INPUT DATA
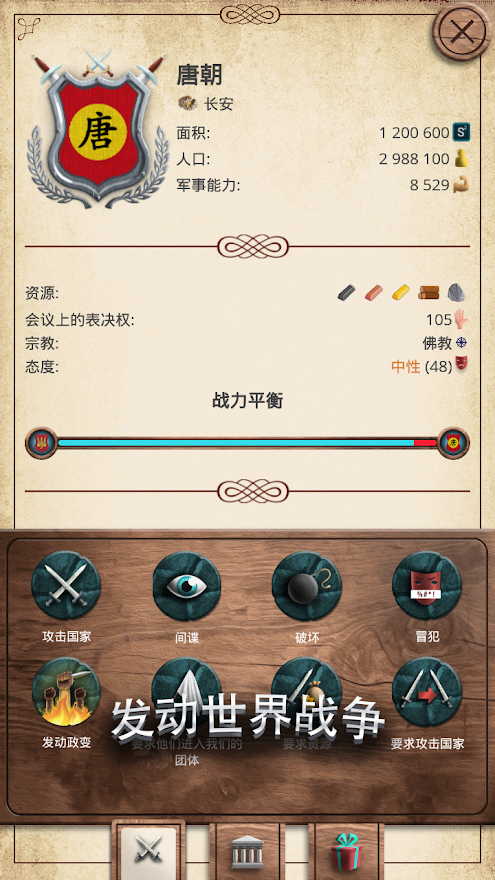 有远见的独裁者是国家政策成功的基础。积极开展国际活动,签订互不侵犯条约,重视国家间表决。请记住,外交和深思熟虑的政策往往是比战争更有效的联盟。
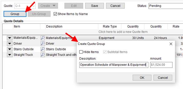 Use the Create Quote Group to combine one or more quote items into a single line item (Hide Items checked) or list all the items under a specific Description. Optionally, provide a dollar Amount when Hide Items is checked and Subtotal Items is unchecked; use this if you wish to list the items without charge and write-in your own dollar amount for the collection of items.
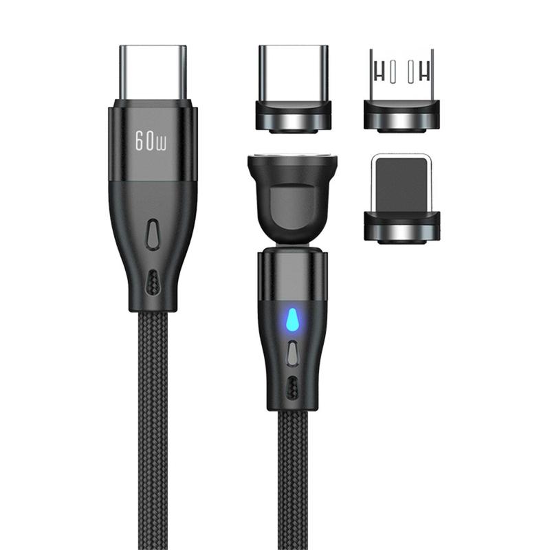 E7 3-in-1magnetic Cable with 540-degree Rotation - USB-C, Lightning, MicroUSB - 1m - 60W, 480Mbps
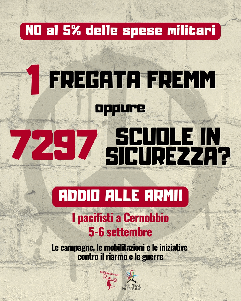 Per questo il Comitato provinciale comasco e i suoi circoli coorganizzano a Cernobbio il Forum Addio alle armi! di Sbilanciamoci e Rete Pace e Disarmo e lo preparano con una serie di eventi a Albate, Cantù e Como che culmineranno con il grande concerto Voci contro la guerra che si svolgerà, con, il patrocinio del Comune, a San Fermo della Battaglia, venerdì 5 settembre dalle 20,30.
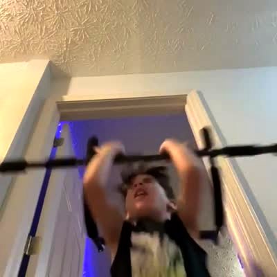 A young boy attempts to hop up and hang from his chin-up bar when the bar breaks and he face-plants into the camera.
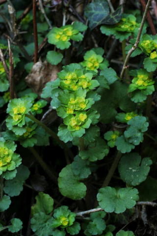 ヤマネコノメソウ ユキノシタ科ネコノメソウ属 Chrysosplenium japonicum 山野の湿った林下や沢沿いなどに生える 高さ10〜20cmの多年草。 茎葉は互生し、腎円形で長さ1〜3cm、平 らな鋸歯がある。 萼裂片は黄緑色で平開する。 雄しべはふつう8個、 時に4個、葯は黄色。 全体に長毛が散生する。 秩父市は線路際の林下に群生していた。 群馬県は自生地が限られている。 ![]() 埼玉県 2007.3.13 画像をクリック ![]() 埼玉県 2007.3.13 画像をクリック トップページへ 前ページへ |
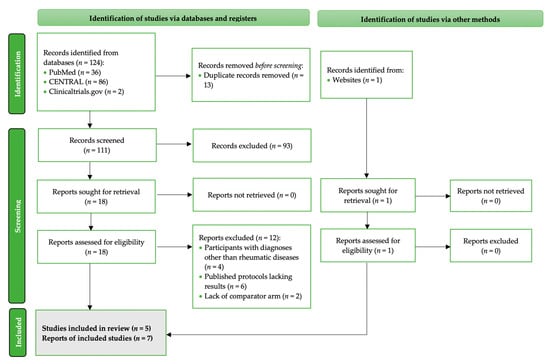 Out of 139 studies screened in total, five RCTs and seven publications (two studies with duplicate publications) [27,28,29,30,31,32,33] fulfilled the protocol’s criteria and were included in the systematic review. Figure 2 details the PRISMA 2020 flow diagram of the study selection process [19].
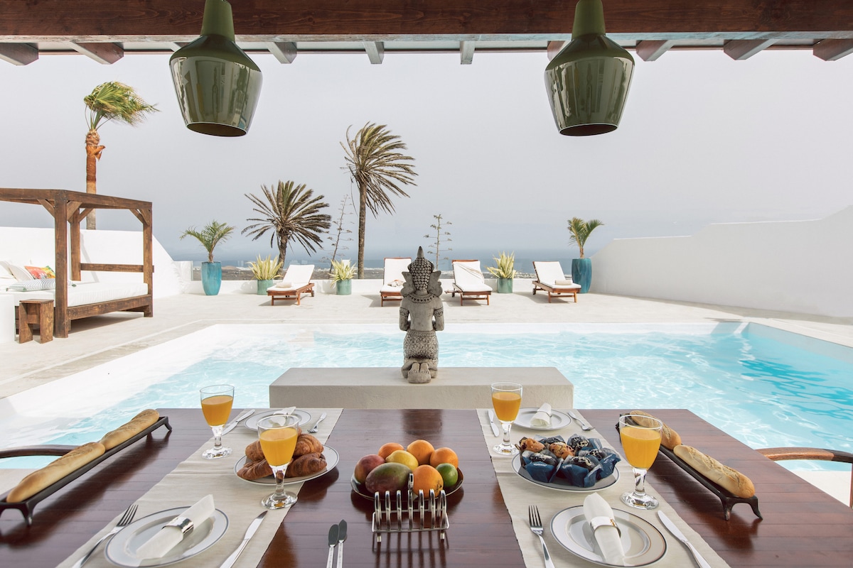 Las villas Deluxe destacan por su estilo decorativo árabe moderno fusionado con la arquitectura lanzaroteña. En una misma planta conviven 2 dormitorios lujosos con 2 modernos baños, un amplio salón con cocina americana y un enorme ventanal con vistas al jardín privado. En este último se puede disfrutar de una gran piscina con solárium y zona para disfrutar de un rico desayuno al sol o ver las maravillosas puestas de sol de la isla.

EXERCISE INSTRUCTIONS
Extract the lines exactly, please: the first line of the listing, the line with "E7 3-in-1magnetic Cable", and every line between them, but no pictures.

RESPONSE AREA
 有远见的独裁者是国家政策成功的基础。积极开展国际活动,签订互不侵犯条约,重视国家间表决。请记住,外交和深思熟虑的政策往往是比战争更有效的联盟。
 Use the Create Quote Group to combine one or more quote items into a single line item (Hide Items checked) or list all the items under a specific Description. Optionally, provide a dollar Amount when Hide Items is checked and Subtotal Items is unchecked; use this if you wish to list the items without charge and write-in your own dollar amount for the collection of items.
 E7 3-in-1magnetic Cable with 540-degree Rotation - USB-C, Lightning, MicroUSB - 1m - 60W, 480Mbps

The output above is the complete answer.